God’s Faithfulness

‘God said to him, “Your name is Jacob; your name shall not be called Jacob anymore, but Israel shall be your name.’ So He called his name Israel” Genesis 35:10

More than twenty years had passed since Jacob left his father and mother in fear for his life from his twin brother, Esau. In that time his experiences with his uncle, Laban, and his meeting with the Lord on the return journey prior to meeting Esau had made him a much changed man.

Before he left the promised land the Lord appeared to him at Bethel and affirmed that the covenant He had made with Abraham would be fulfilled through Jacob in all three aspects; land, descendants and a blessing to the nations (Genesis 28:13-14).

At a time when Jacob was unsettled in his relationship with Laban and began to fear him, the Lord called him back to his father, Isaac. Interestingly it was again fear that disposed Jacob to have a listening ear toward God. That remains a provocation for people to have an ear toward God still. At this time the Lord reminded Jacob of their previous meeting and Jacob’s vow (Genesis 28:20-22; 31:13).

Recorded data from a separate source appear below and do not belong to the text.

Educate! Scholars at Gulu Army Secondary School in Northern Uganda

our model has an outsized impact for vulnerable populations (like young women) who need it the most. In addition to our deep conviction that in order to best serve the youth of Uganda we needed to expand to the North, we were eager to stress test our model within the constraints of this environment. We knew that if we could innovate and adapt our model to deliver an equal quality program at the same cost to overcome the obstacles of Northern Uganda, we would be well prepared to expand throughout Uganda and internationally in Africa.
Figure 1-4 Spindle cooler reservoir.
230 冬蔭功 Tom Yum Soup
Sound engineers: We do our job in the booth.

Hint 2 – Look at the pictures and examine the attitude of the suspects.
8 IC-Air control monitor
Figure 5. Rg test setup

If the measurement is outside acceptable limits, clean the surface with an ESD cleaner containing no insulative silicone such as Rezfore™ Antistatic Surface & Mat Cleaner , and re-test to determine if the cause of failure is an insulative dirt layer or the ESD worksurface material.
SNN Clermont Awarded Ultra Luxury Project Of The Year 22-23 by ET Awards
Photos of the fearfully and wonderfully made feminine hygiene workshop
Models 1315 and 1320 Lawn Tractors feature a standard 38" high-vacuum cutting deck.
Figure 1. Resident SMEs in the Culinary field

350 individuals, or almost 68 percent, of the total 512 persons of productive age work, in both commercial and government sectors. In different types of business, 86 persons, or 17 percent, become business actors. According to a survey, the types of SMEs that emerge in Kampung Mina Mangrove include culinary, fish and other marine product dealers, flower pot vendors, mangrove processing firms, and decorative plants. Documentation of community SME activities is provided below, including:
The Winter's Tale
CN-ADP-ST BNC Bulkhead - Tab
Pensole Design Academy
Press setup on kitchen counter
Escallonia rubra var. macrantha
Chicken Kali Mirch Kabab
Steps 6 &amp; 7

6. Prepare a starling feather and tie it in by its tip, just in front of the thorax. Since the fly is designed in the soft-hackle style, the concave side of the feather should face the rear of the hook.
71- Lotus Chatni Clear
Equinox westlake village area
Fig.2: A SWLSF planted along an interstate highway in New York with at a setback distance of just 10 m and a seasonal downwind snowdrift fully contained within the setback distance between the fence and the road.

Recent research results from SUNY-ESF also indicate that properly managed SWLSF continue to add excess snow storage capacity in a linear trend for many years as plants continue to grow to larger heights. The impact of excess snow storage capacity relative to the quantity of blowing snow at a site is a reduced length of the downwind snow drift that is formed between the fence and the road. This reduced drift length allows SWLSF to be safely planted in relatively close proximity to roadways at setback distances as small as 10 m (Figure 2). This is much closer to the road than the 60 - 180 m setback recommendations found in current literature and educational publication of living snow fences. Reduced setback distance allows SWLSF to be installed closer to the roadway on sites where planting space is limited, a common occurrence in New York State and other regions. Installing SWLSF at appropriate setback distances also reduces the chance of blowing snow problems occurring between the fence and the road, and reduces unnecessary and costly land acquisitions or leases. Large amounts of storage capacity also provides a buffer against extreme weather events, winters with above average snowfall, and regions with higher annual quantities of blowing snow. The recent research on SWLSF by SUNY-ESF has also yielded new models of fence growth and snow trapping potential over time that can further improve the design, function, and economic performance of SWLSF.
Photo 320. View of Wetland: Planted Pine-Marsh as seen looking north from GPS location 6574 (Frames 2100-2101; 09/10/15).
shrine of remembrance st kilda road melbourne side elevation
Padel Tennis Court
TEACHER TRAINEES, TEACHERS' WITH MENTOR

The incident at Shechem (Genesis 34) again stirred up fear in Jacob which apparently disposed him again to have an ear toward the Lord. By commanding Jacob to return to Bethel, the Lord was again reminding him of his vow (Genesis 35:1).

Jacob obeyed all that the Lord said and again the Lord affirmed that the covenant that he had made with Abraham would be fulfilled through Jacob and his descendants. The message to Jacob and to us is that God is faithful to His word no matter how circumstances may appear.

The seal of this affirmation came from the Lord in the new name given to Jacob. First mention of the change of name was given by the Lord after the night long encounter Jacob had with Him (Genesis 32:28) but it was not applied until Jacob had fully returned, built an altar to the Lord and removed all association with false gods. At this time the Lord now called him Israel (Genesis 35:10) and affirmed the three key aspects of the covenant made with Abraham. This name became the name for all Israel’s descendants and remains so to this day and forevermore.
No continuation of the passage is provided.